HOW TO COMPLETE THIS TASK: Please return the data word for word and leave out any picture it contains.

DATA PROVIDED:
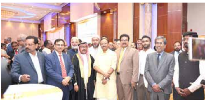
Minister Muraleedharan during meetings yesterday at the Indian Embassy

close bilateral interaction at the higher political level, and we are very confident that this visit will further progress our relations in all spheres, especially in trade and investment," the Ambassador said.
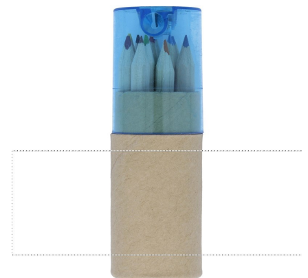
3. CARTON DL

TASK SOLUTION:
Minister Muraleedharan during meetings yesterday at the Indian Embassy

close bilateral interaction at the higher political level, and we are very confident that this visit will further progress our relations in all spheres, especially in trade and investment," the Ambassador said.
3. CARTON DL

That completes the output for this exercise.